Data excerpts
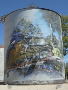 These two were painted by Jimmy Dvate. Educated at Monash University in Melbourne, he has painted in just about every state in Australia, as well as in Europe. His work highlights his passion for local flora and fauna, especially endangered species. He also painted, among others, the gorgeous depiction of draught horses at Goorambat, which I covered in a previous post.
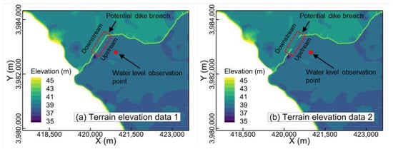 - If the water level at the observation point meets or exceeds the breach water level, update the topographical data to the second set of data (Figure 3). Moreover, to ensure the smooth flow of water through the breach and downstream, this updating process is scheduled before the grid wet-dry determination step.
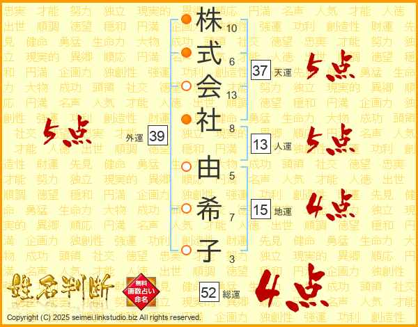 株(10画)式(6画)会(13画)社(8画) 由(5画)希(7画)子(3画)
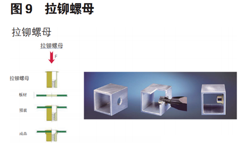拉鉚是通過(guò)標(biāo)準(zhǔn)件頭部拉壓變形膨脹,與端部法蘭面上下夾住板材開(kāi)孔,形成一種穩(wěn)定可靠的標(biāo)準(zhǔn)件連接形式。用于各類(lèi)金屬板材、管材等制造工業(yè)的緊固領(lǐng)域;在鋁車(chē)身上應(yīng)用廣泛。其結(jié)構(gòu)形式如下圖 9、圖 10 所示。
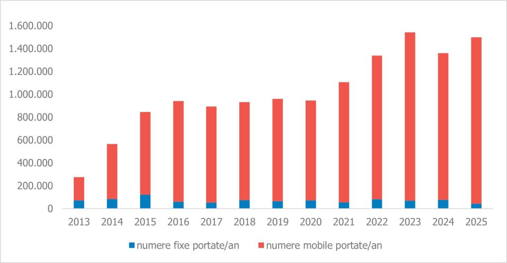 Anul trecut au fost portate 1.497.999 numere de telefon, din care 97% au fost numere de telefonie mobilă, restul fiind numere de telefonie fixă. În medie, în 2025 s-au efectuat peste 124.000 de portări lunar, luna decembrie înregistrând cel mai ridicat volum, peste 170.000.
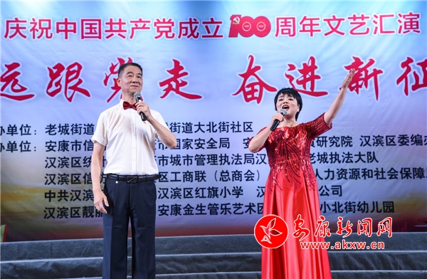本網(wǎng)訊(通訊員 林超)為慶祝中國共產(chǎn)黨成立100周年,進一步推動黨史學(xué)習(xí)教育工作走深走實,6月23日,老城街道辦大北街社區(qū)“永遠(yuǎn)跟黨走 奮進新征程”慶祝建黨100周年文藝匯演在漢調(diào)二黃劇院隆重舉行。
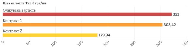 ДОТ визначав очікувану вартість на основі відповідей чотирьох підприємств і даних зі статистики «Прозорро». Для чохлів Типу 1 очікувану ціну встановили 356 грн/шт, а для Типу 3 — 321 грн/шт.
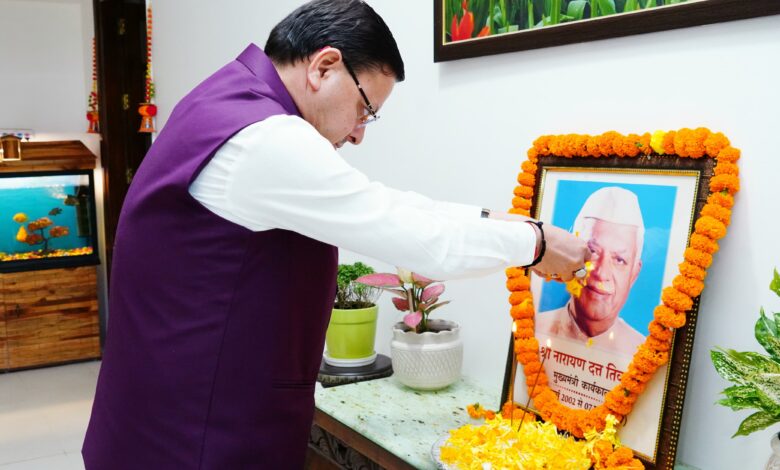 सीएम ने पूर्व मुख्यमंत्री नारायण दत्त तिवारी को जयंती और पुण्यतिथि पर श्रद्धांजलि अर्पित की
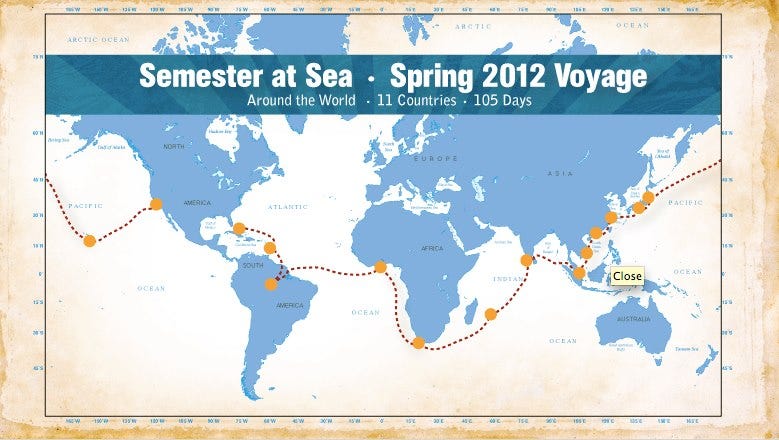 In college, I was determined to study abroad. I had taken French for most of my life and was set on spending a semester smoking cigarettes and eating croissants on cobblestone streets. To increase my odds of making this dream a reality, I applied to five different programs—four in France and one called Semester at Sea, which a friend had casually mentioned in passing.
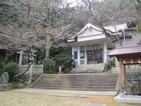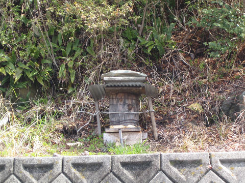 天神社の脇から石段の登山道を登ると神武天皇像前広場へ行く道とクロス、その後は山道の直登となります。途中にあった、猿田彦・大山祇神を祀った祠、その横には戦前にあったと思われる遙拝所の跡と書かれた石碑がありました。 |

> [What needs to be done]: No pictures should appear in the copy, which holds exactly the lines from the first line of the data through the line with "Anul trecut au" and nothing else.

> [Result]:
 These two were painted by Jimmy Dvate. Educated at Monash University in Melbourne, he has painted in just about every state in Australia, as well as in Europe. His work highlights his passion for local flora and fauna, especially endangered species. He also painted, among others, the gorgeous depiction of draught horses at Goorambat, which I covered in a previous post.
 - If the water level at the observation point meets or exceeds the breach water level, update the topographical data to the second set of data (Figure 3). Moreover, to ensure the smooth flow of water through the breach and downstream, this updating process is scheduled before the grid wet-dry determination step.
 株(10画)式(6画)会(13画)社(8画) 由(5画)希(7画)子(3画)
拉鉚是通過(guò)標(biāo)準(zhǔn)件頭部拉壓變形膨脹,與端部法蘭面上下夾住板材開(kāi)孔,形成一種穩(wěn)定可靠的標(biāo)準(zhǔn)件連接形式。用于各類(lèi)金屬板材、管材等制造工業(yè)的緊固領(lǐng)域;在鋁車(chē)身上應(yīng)用廣泛。其結(jié)構(gòu)形式如下圖 9、圖 10 所示。
 Anul trecut au fost portate 1.497.999 numere de telefon, din care 97% au fost numere de telefonie mobilă, restul fiind numere de telefonie fixă. În medie, în 2025 s-au efectuat peste 124.000 de portări lunar, luna decembrie înregistrând cel mai ridicat volum, peste 170.000.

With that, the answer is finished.